=== TASK INPUT ===
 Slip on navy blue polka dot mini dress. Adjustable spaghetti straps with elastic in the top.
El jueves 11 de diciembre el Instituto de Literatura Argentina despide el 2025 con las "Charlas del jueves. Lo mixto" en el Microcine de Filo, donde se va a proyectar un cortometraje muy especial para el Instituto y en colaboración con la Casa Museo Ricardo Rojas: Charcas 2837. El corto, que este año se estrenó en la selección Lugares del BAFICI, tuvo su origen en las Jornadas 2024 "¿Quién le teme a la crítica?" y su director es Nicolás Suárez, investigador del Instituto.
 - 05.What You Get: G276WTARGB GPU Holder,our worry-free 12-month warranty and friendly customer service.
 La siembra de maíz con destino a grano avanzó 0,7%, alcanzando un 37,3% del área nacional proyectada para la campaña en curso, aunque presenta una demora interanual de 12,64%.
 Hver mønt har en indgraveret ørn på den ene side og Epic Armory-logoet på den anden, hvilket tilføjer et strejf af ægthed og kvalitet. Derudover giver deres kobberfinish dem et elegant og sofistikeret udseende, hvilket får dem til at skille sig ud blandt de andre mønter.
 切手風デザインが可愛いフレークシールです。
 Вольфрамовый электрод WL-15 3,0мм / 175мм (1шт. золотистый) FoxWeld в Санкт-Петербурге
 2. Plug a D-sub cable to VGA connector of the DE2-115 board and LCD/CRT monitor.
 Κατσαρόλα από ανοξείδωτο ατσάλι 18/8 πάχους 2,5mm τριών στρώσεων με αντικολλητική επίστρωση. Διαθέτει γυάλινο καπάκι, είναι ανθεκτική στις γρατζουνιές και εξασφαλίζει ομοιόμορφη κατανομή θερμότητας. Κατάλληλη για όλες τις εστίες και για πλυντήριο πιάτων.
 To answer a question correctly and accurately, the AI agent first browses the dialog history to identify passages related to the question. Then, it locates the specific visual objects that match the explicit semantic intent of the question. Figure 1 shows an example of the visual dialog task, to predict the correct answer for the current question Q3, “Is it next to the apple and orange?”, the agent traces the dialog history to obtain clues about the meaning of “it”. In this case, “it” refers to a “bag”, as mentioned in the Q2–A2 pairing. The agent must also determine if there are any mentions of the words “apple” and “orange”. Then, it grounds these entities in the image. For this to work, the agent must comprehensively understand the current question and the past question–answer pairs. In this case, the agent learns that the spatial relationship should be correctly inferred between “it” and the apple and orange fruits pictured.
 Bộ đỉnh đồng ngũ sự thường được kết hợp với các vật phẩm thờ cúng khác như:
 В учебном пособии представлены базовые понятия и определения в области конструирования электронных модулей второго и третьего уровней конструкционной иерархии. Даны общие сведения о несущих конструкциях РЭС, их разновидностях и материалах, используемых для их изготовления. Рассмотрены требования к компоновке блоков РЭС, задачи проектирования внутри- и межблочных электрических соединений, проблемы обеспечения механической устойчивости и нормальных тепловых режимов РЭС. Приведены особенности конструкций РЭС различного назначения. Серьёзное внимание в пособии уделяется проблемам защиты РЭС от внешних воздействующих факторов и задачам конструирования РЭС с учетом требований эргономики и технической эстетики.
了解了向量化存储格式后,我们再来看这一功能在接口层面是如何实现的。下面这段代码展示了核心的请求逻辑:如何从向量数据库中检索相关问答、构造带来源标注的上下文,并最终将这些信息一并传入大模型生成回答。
===
*WHAT IS NEEDED*: Using the records above, select and copy every line that has the word "para".

*ANSWER BOX*:
El jueves 11 de diciembre el Instituto de Literatura Argentina despide el 2025 con las "Charlas del jueves. Lo mixto" en el Microcine de Filo, donde se va a proyectar un cortometraje muy especial para el Instituto y en colaboración con la Casa Museo Ricardo Rojas: Charcas 2837. El corto, que este año se estrenó en la selección Lugares del BAFICI, tuvo su origen en las Jornadas 2024 "¿Quién le teme a la crítica?" y su director es Nicolás Suárez, investigador del Instituto.
 La siembra de maíz con destino a grano avanzó 0,7%, alcanzando un 37,3% del área nacional proyectada para la campaña en curso, aunque presenta una demora interanual de 12,64%.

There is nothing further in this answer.